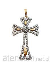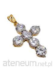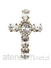 Zdobienie zostało wykonane z niezwykłą precyzją: trzy górne ramiona krzyża posiadają po trzy starannie osadzone cyrkonie, natomiast dolna, wydłużona część ramienia została wysadzona aż jedenastoma kamieniami. Taki układ tworzy harmonijną i świetlistą linię, która podkreśla pionową formę krzyża. Całość wykończona jest w szlachetnym odcieniu złota, co w połączeniu z blaskiem kamieni tworzy niezwykle prestiżowy efekt.
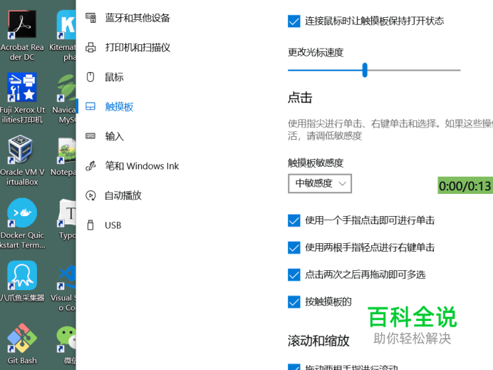 进入触摸板设置。 点击左侧“触摸板”选项卡,进入触摸板设置。
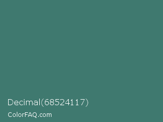 Decimal 68524117 Color is a normal cyan color and the nearest color is Faded Jade #427977. Hex code #3f796f and RGB value is rgb(63,121,111). In RGB color space, this color is composed of 25% red, 47% green, 44% blue, In CMYK color space, this color is composed of 48% cyan, 0% magenta, 8% yellow , 53% black , In HSL color space, this color has a hue angle of 170° , 32% saturation and 36% lightness.
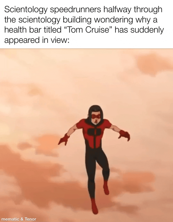 #funny #gaming #speedrun #invincible #tom cruise #scientology #boss fight #absurdist #relatable #meme #animation #pop culture
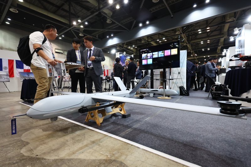 지난해 9월 25일 경기 고양 킨텍스에서 열린 제6회 대한민국 방위 산업전에서 관람객들이 제품을 살펴보고 있다. 사진=뉴시스
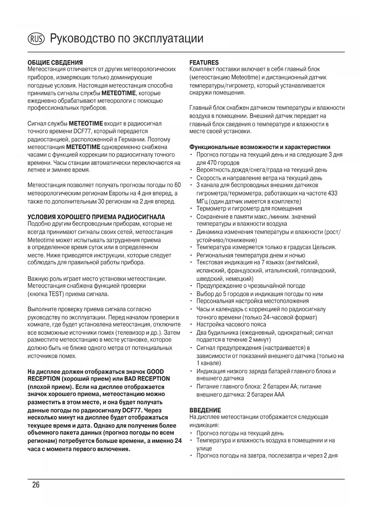 ОБЩИЕ СВЕДЕНИЯ Метеостанция отличается от других метеорологических приборов, измеряющих только доминирующие погодные условия. Настоящая метеостанция способна принимать сигналы службы METEOTIME, которые ежедневно обрабатывают метеорологи с помощью профессиональных приборов. Сигнал службы METEOTIME входит в радиосигнал точного времени DCF77, который передается радиостанцией, расположенной в Германии. Поэтому метеостанция METEOTIME одновременно снабжена часами с функцией коррекции по радиосигналу точного времени. Часы станции автоматически переключаются на летнее и зимнее время. Метеостанция позволяет получать прогнозы погоды по 60 метеорологическим регионам Европы на 4 дня вперед, а также по дополнительным 30 регионам на 2 дня вперед. УСЛОВИЯ ХОРОШЕГО ПРИЕМА РАДИОСИГНАЛА Подобно другим беспроводным приборам, которые не всегда принимают сигналы своих сетей, метеостанция Meteotime может испытывать затруднения приема в определенное время суток или в определенном месте. Ниже приводятся инструкции, которые следует соблюдать для правильной работы прибора. Важную роль играет место установки метеостанции. Метеостанция снабжена функцией проверки (кнопка TEST) приема сигнала. Выполните проверку приема сигнала согласно руководству по эксплуатации. Перед началом проверки в комнате, где будет установлена метеостанция, отключите все возможные источники помех (телевизор и др.). Затем разместите метеостанцию в месте установке, которое должно быть не ближе одного метра от потенциальных источников помех. На дисплее должен отображаться значок GOOD RECEPTION (хороший прием) или BAD RECEPTION (плохой прием). Если на дисплее отображается значок хорошего приема, метеостанцию можно разместить в этом месте, и она будет получать данные погоды по радиосигналу DCF77. Через несколько минут на дисплее будет отображаться текущее время и дата. Однако для получения более объемного пакета данных (прогноз погоды по всем регионам) потребуется больше времени, а именно 24 часа с момента первого включения. FEATURES Комплект поставки включает в себя главный блок (метеостанцию Meteotime) и дистанционный датчик температуры/гигрометр, который устанавливается снаружи помещения. Главный блок снабжен датчиком температуры и влажности воздуха в помещении. Внешний датчик передает на главный блок сведения о температуре и влажности в месте своей установки. Функциональные возможности и характеристики

····················

What to do:
Within the data above, repeat exactly the lines from the one bearing "#funny #gaming #speedrun" through the one bearing "지난해 9월 25일 경기". Include no pictures and nothing else.

Exercise answer:
 #funny #gaming #speedrun #invincible #tom cruise #scientology #boss fight #absurdist #relatable #meme #animation #pop culture
 지난해 9월 25일 경기 고양 킨텍스에서 열린 제6회 대한민국 방위 산업전에서 관람객들이 제품을 살펴보고 있다. 사진=뉴시스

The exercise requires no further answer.